The bad news is, I'm not in the mood for it, so you get trash tier blog entry about my civ 3 mod which there's more good/bad on. The good news is, for the first time ever, I have successfully managed to make a functional new wonder, and I have added in most Mesopotamian buildings, too. ...The bad news is, the art for the Mesopotamian buildings isn't working. The good news is, though, that I have it narrowed down to one of two culprits. Either in the Art folder for city screen, it's the buildings large/small... ...Or it's the civilopedia icons folder with some variables therein. The bad news is, I can't edit those--not without finding some program specializing in them or something.
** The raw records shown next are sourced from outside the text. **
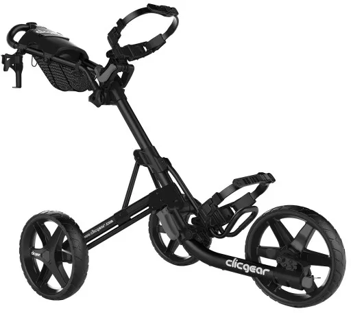 The Clicgear Model 4.0 Push Cart is a dependable, easy-to-use cart designed to make walking the course more comfortable and less tiring. Its adjustable bag straps and secure saddle keep your bag stable over uneven ground, while the smooth-rolling airless tires and lightweight aluminum frame provide a steady, effortless push from tee to green.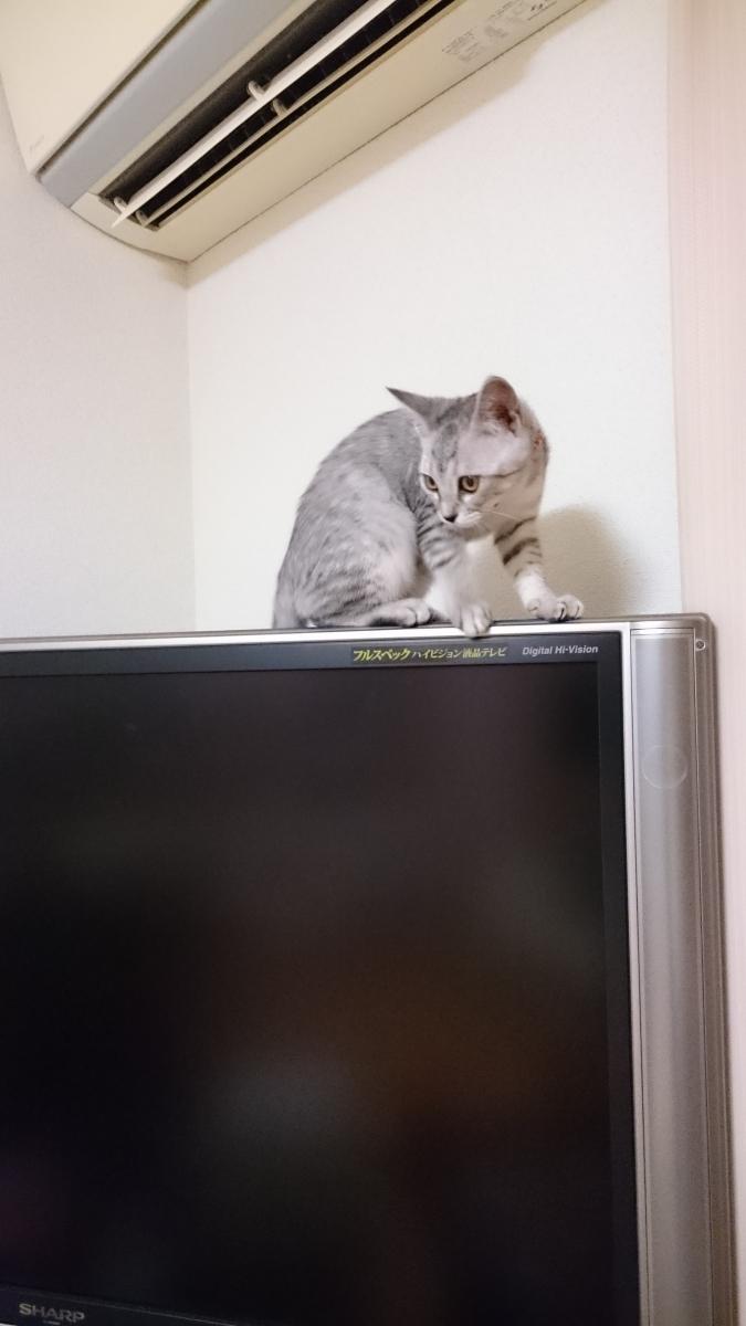 ん?とそれに気づいた瞬間、テレビの上にあんちゃんが裏からガガガっと上がってきました!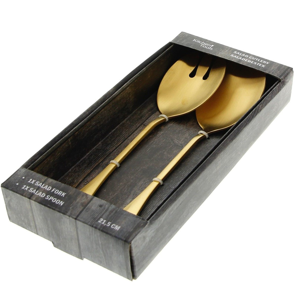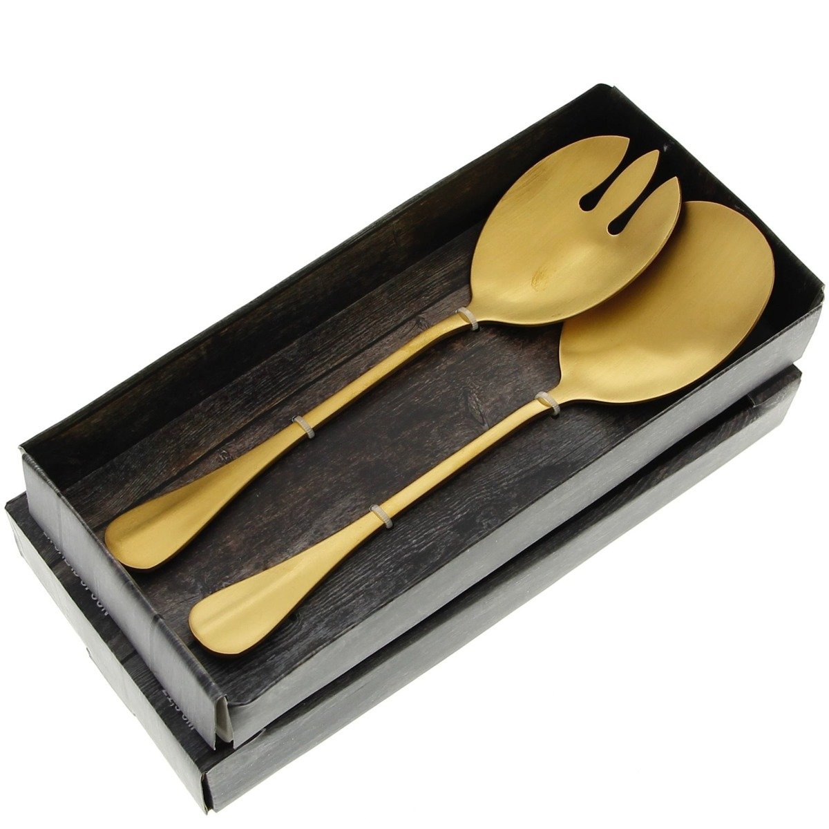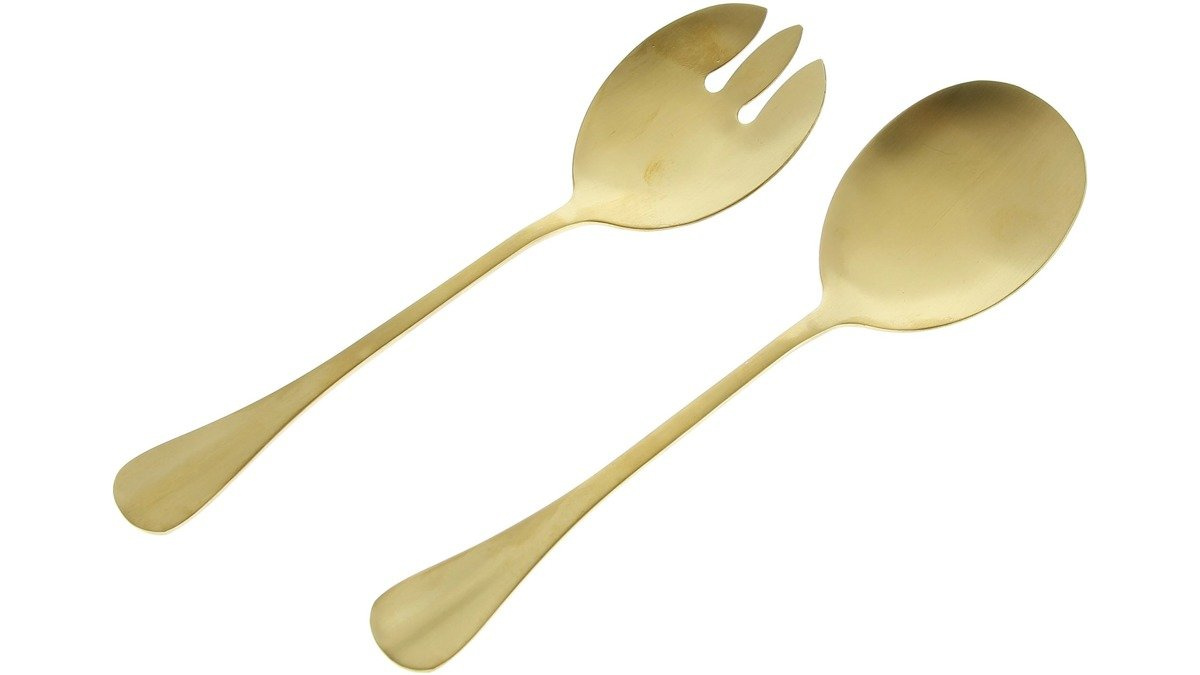Komplet sztućców pokryty powłoką w kolorze złota składający się z 2 elementów.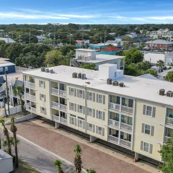 Salt & Sea Inn Unit B-1 Bed 1 Ba Condo w/Poolはタイビーアイランドのビーチフロントにある宿泊施設で、タイビーアイランドビーチまで徒歩数分、サバンナ・ベンド・マリーナまで22kmです。専用プール、無料WiFi、無料専用駐車場を提供しています。 ベッドルーム1室、薄型テレビ、キッチン(冷蔵庫、食器洗い機付)が備わるエアコン付きのアパートメントです。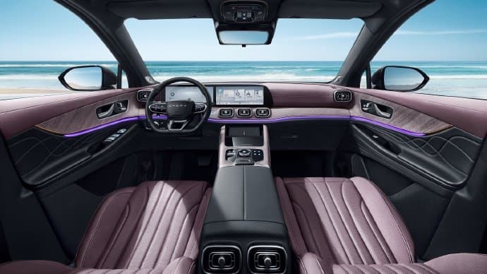 Chery Tiggo 9 2025 оснащается двумя экранами с диагональю 12,3 дюйма, акустической системой Sony, многослойными шумоизолирующими стеклами, системой бесключевого доступа, электроприводом двери багажника, панорамной крышей с люком, адаптивным круиз-контролем, системой кругового обзора, различными системами помощи водителю.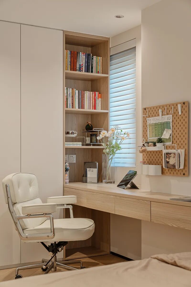 或者孩子诞生,或者与父母同住,一间休憩的卧室,是属于她的温柔港湾,即使是二人时光,相伴时各自沉心学习工作,独立且亲密,相爱且自由。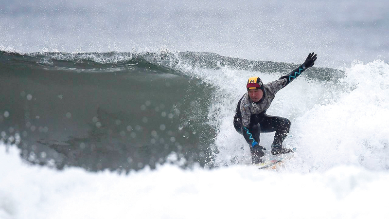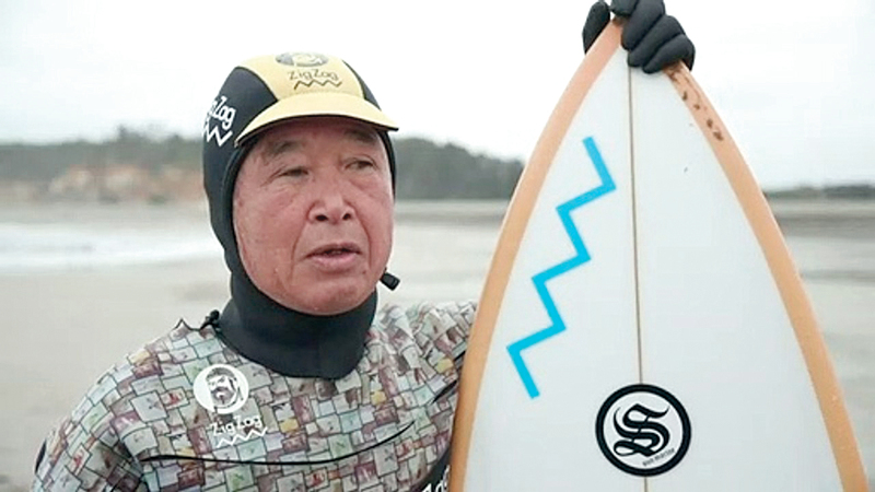 يحمل كوجي سوزوكي (64 عاماً)، لوح ركوب الأمواج صباح كل يوم، سواء أكان الطقس مشمساً أو ماطراً، ليمارس رياضته المفضلة على أحد شواطئ فوكوشيما، التي تعدّ من الأجمل في اليابان.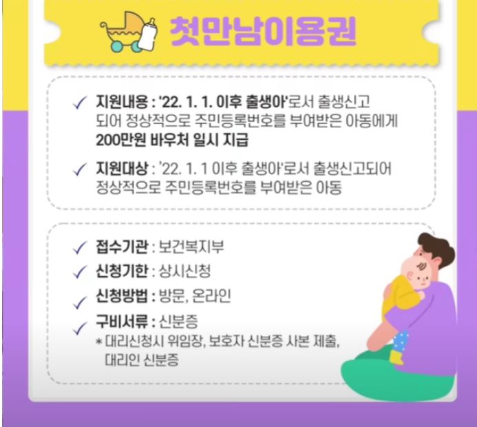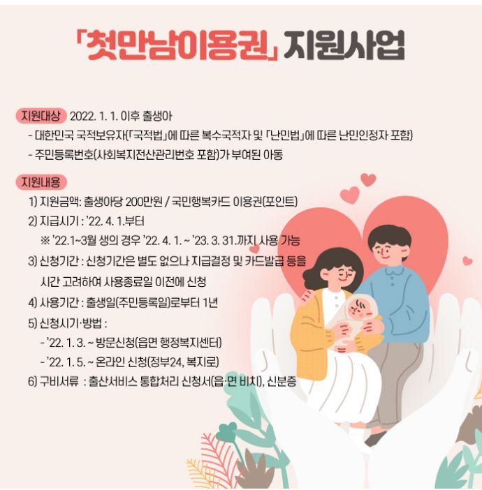 현재 우리나라 가장 큰 문제인 저출산 문제를 해결하기 위해 작년부터 시작한 '젓만남 이용권' 지원사업은 소득, 지역 관계없이 출생 아동에게 첫 만남 이용권 200만 원을 지원해 양육비 부담을 줄여주는 바우처 제도입니다. 첫 만남 이용권은 국민행복카드로 지급이 됩니다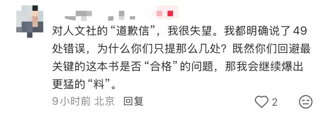 人民文学出版社表示:“向广大读者致以诚挚的歉意!知错即改一直是人民文学出版社坚守的出版态度与责任担当。目前,我们已启动该书的修订工作。接下来,我们将进一步做好流程再造,切实加强出版物质量管理。”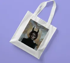 Un ritratto accattivante di una donna che indossa una maschera nera e corna, evidenziato da un'aureola dorata luminosa e da uno sfondo astratto e strutturato, che crea un'atmosfera mistica ed enigmatica.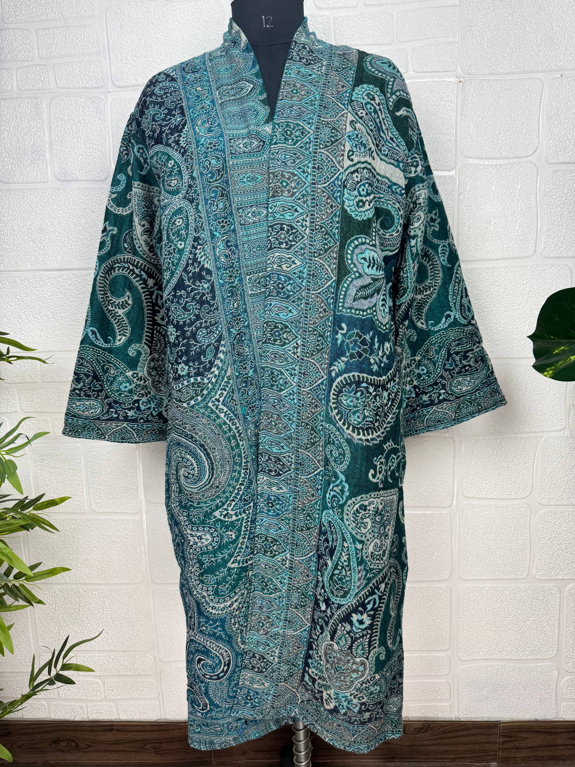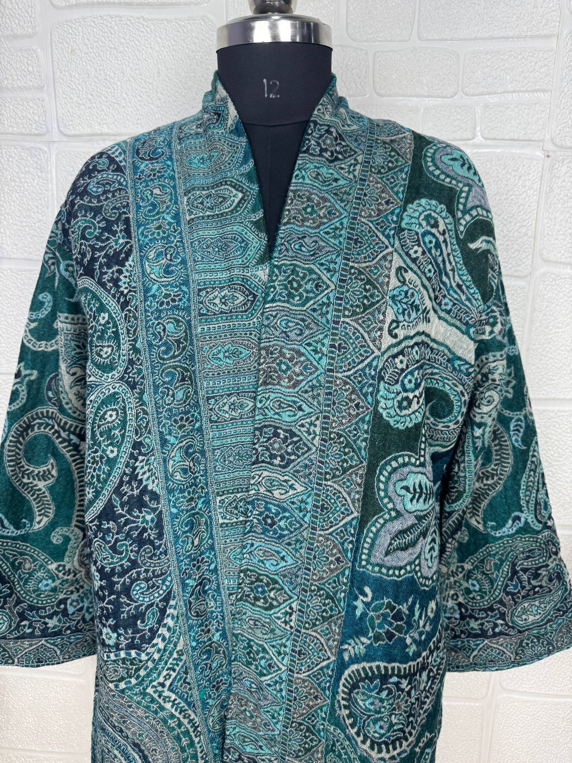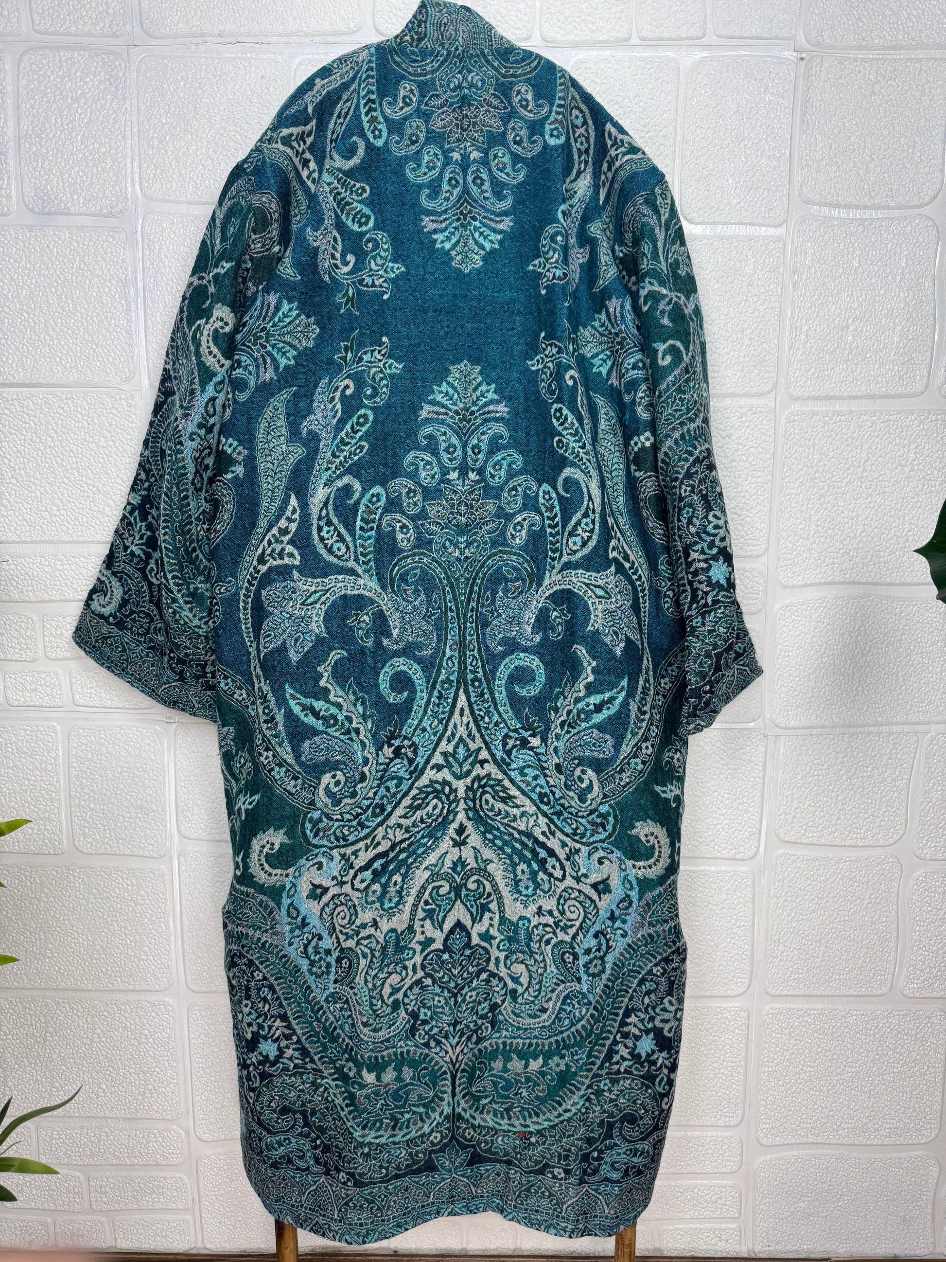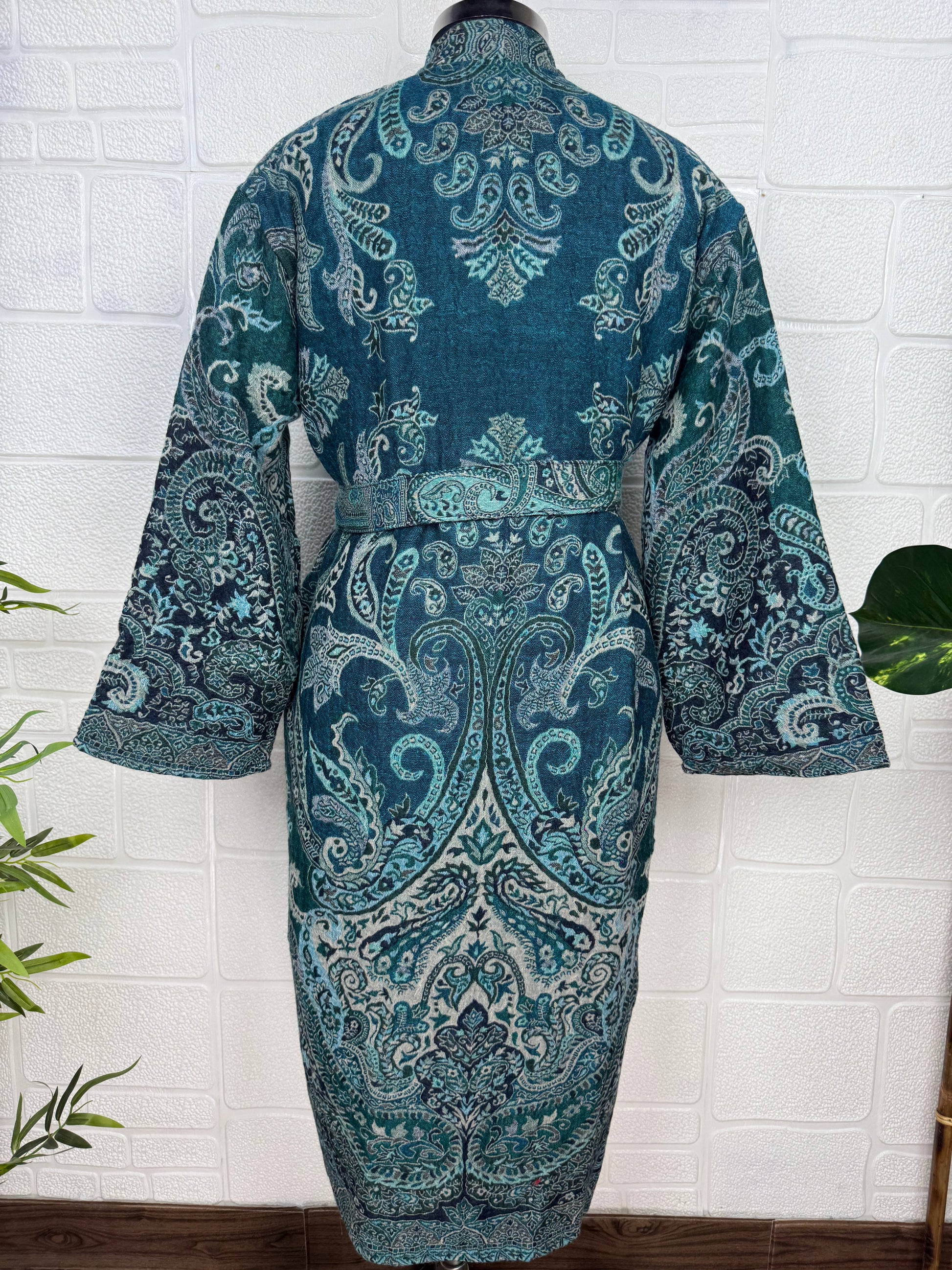 Luxurious Paisley Design Open Jacket Robe, crafted from gorgeous Boiled Merino wool. This piece is designed to provide warmth and elegance, lined on the inside for extra coziness, yet remaining light and comfortable.

The only reason I have resources done (which are the same file type, pcx) is because on the civ 3 forums, I was able to track down a download of all the Civ 3 conquest resources. So now I need a similar download. For the luxuries, as previously mentioned. And for city buildings, as I'm now discovering. So they work--they are installed in the system and don't break. They just don't display properly. So my dog disconnected something important in my computer, killing the power.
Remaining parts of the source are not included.